◆ Exercise brief:
Retype only what runs from the first line of the listing to the line holding "Komisi Pemilihan Umum", both included. Do not retype the pictures.

◆ Dataset records:
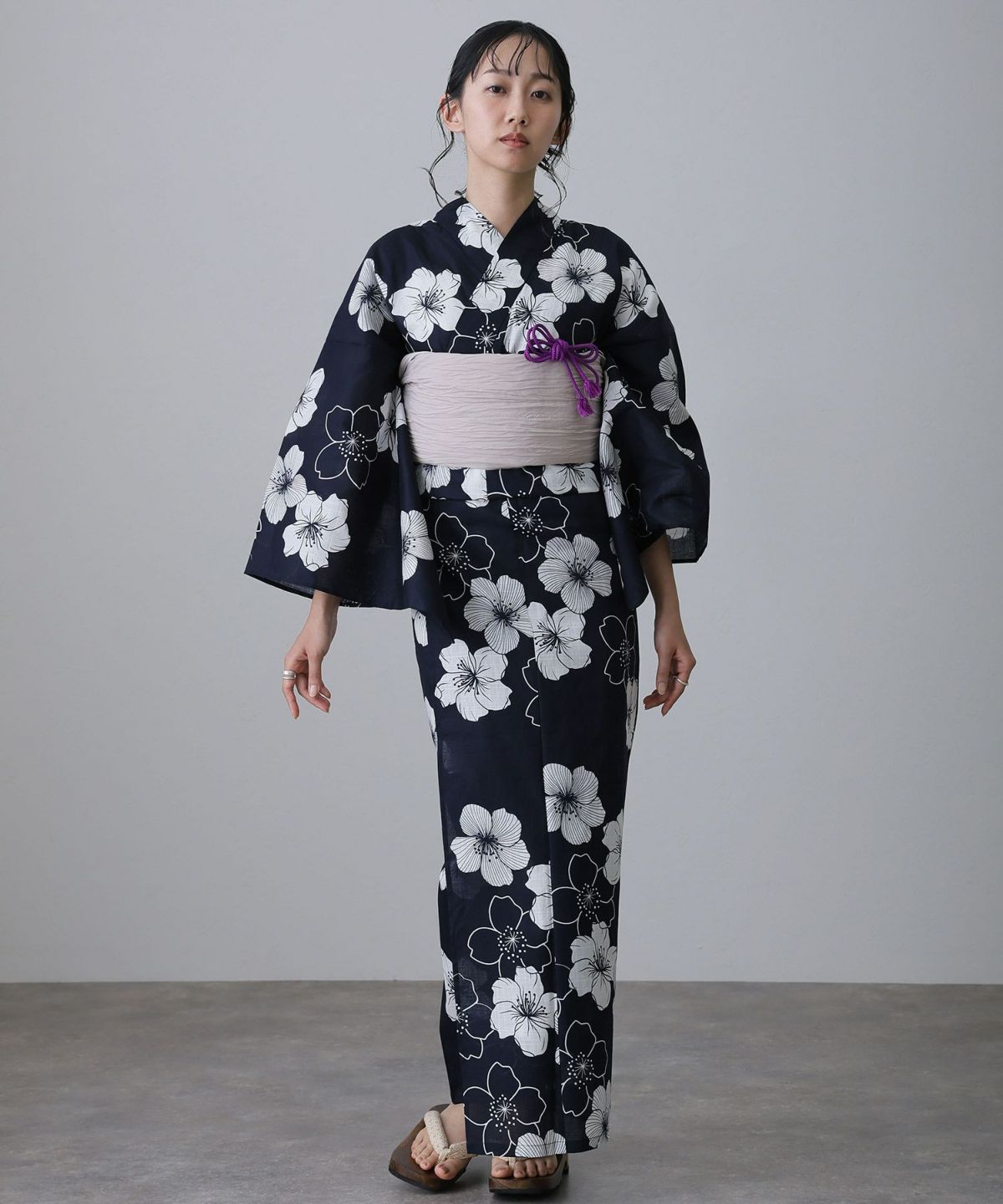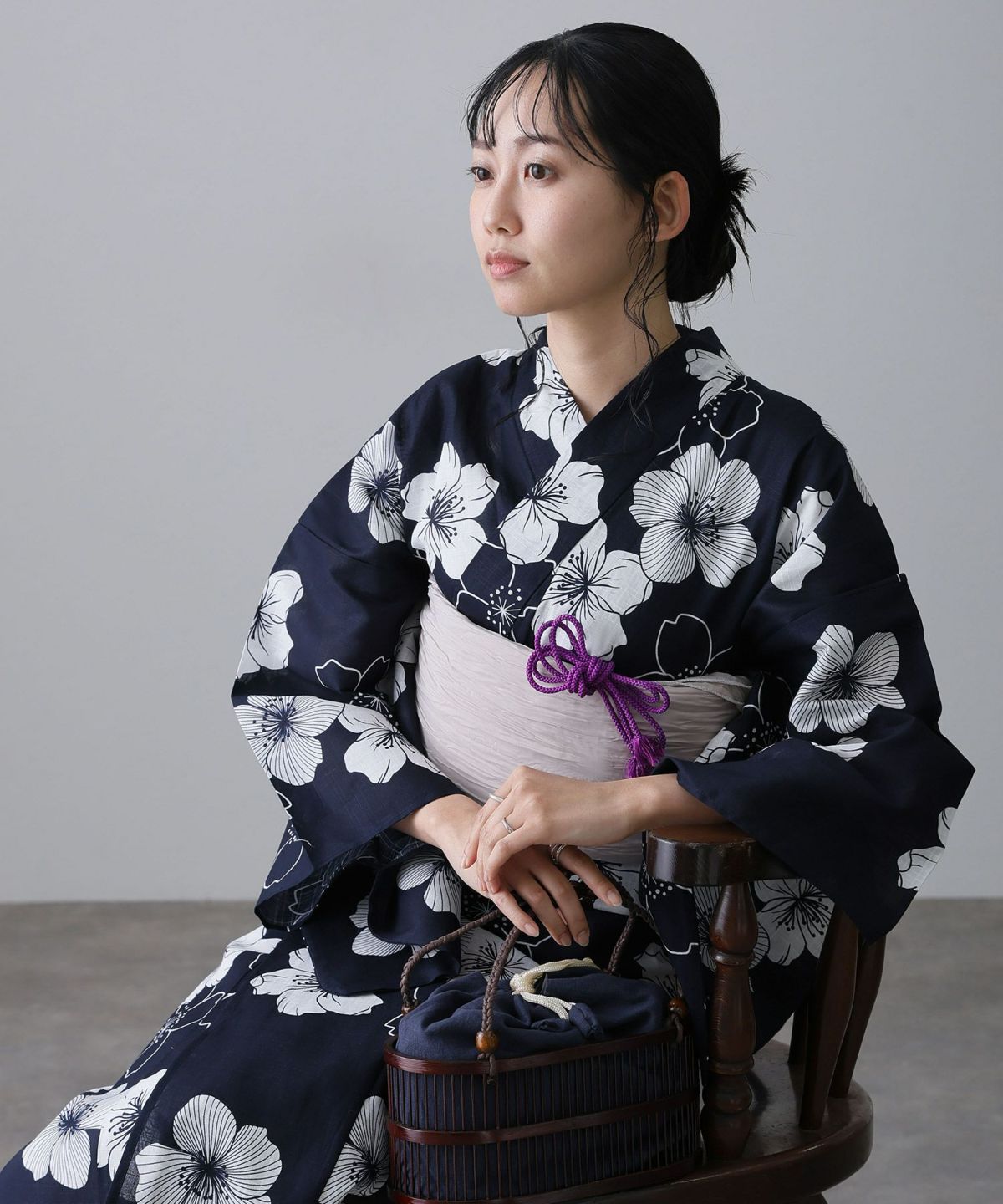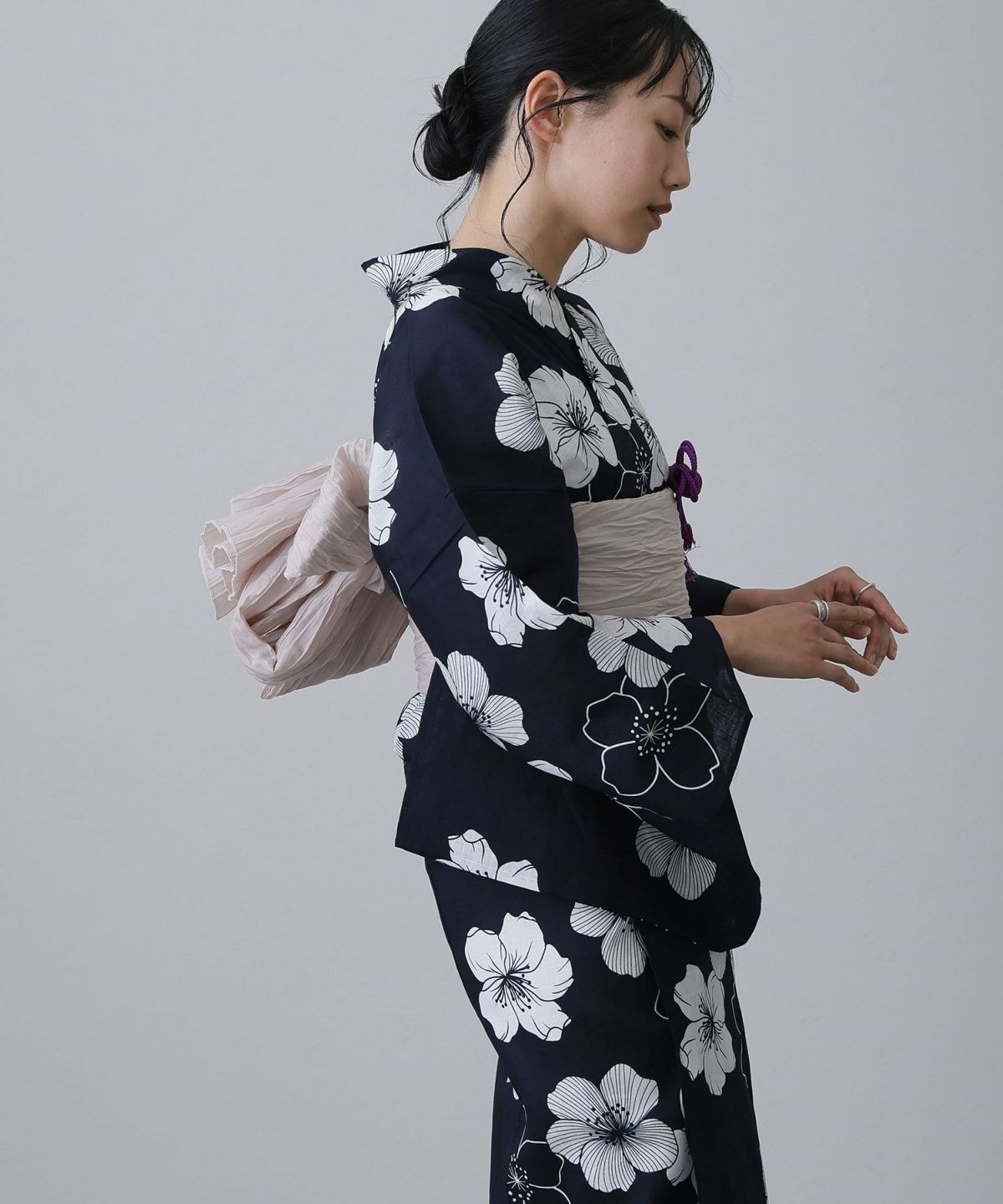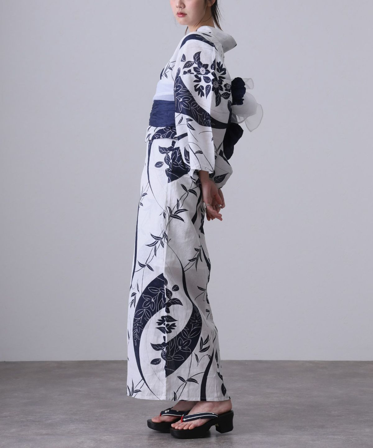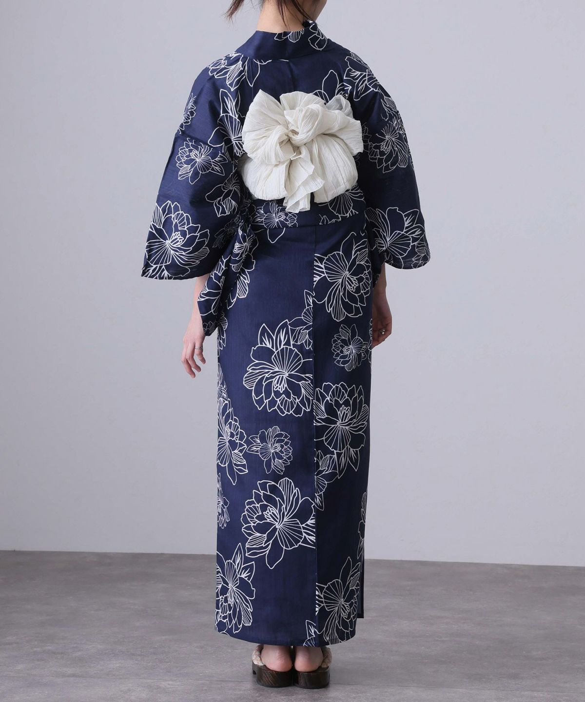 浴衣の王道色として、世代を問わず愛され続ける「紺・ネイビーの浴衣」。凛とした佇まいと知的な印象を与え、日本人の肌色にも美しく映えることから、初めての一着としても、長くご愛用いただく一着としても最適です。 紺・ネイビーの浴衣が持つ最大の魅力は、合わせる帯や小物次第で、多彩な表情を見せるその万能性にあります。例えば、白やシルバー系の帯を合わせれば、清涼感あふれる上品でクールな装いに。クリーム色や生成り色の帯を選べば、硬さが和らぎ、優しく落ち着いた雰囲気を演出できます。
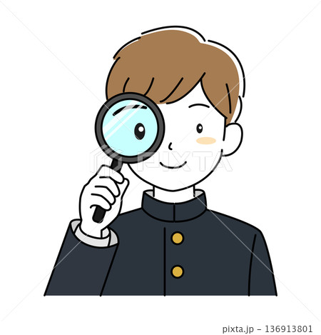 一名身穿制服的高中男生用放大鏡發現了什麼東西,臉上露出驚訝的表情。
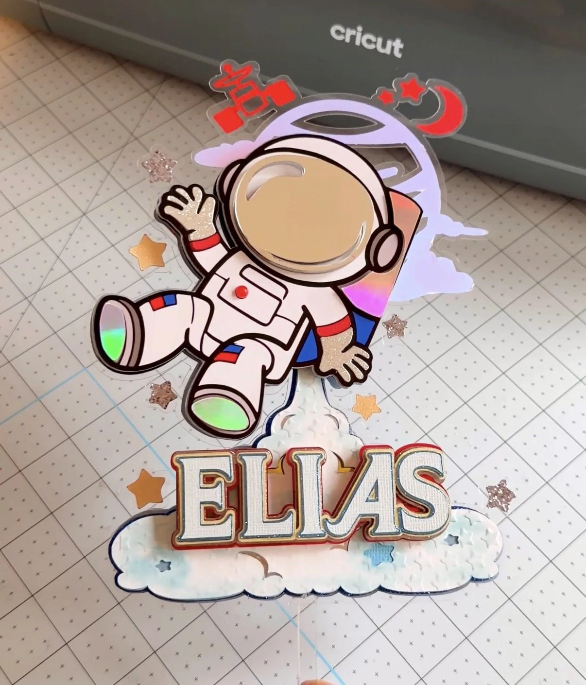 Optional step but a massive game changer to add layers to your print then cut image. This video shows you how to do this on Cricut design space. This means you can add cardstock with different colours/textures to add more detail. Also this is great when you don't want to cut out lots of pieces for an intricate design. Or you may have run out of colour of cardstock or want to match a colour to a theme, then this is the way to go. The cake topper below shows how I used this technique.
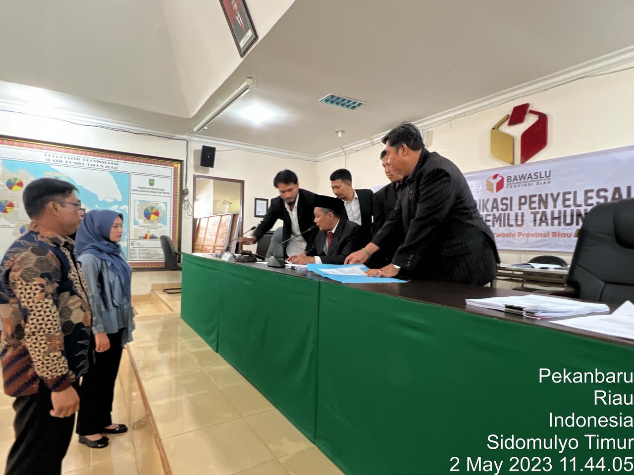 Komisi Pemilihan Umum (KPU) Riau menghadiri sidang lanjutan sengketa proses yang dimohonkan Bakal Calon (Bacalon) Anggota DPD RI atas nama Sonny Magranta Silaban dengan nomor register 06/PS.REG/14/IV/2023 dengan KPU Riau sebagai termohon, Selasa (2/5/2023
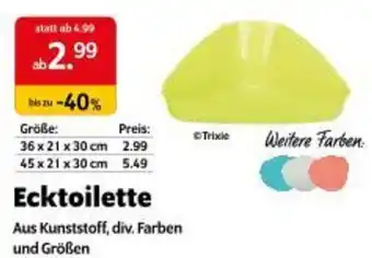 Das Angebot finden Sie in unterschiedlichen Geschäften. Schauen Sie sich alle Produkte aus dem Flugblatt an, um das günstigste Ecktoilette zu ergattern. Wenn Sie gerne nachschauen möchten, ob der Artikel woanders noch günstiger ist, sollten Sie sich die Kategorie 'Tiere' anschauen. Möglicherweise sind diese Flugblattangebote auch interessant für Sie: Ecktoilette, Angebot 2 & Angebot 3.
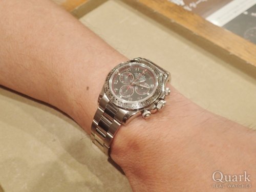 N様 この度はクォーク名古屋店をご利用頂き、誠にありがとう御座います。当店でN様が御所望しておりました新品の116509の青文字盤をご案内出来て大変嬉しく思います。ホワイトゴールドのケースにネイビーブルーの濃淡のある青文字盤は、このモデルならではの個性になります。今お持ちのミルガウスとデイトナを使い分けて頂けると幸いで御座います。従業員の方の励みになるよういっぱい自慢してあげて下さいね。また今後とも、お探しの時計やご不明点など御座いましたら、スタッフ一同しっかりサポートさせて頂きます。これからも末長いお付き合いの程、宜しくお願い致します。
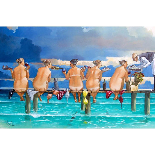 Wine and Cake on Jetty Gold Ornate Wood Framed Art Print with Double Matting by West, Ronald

◆ Answer to this exercise:
 浴衣の王道色として、世代を問わず愛され続ける「紺・ネイビーの浴衣」。凛とした佇まいと知的な印象を与え、日本人の肌色にも美しく映えることから、初めての一着としても、長くご愛用いただく一着としても最適です。 紺・ネイビーの浴衣が持つ最大の魅力は、合わせる帯や小物次第で、多彩な表情を見せるその万能性にあります。例えば、白やシルバー系の帯を合わせれば、清涼感あふれる上品でクールな装いに。クリーム色や生成り色の帯を選べば、硬さが和らぎ、優しく落ち着いた雰囲気を演出できます。
 一名身穿制服的高中男生用放大鏡發現了什麼東西,臉上露出驚訝的表情。
 Optional step but a massive game changer to add layers to your print then cut image. This video shows you how to do this on Cricut design space. This means you can add cardstock with different colours/textures to add more detail. Also this is great when you don't want to cut out lots of pieces for an intricate design. Or you may have run out of colour of cardstock or want to match a colour to a theme, then this is the way to go. The cake topper below shows how I used this technique.
 Komisi Pemilihan Umum (KPU) Riau menghadiri sidang lanjutan sengketa proses yang dimohonkan Bakal Calon (Bacalon) Anggota DPD RI atas nama Sonny Magranta Silaban dengan nomor register 06/PS.REG/14/IV/2023 dengan KPU Riau sebagai termohon, Selasa (2/5/2023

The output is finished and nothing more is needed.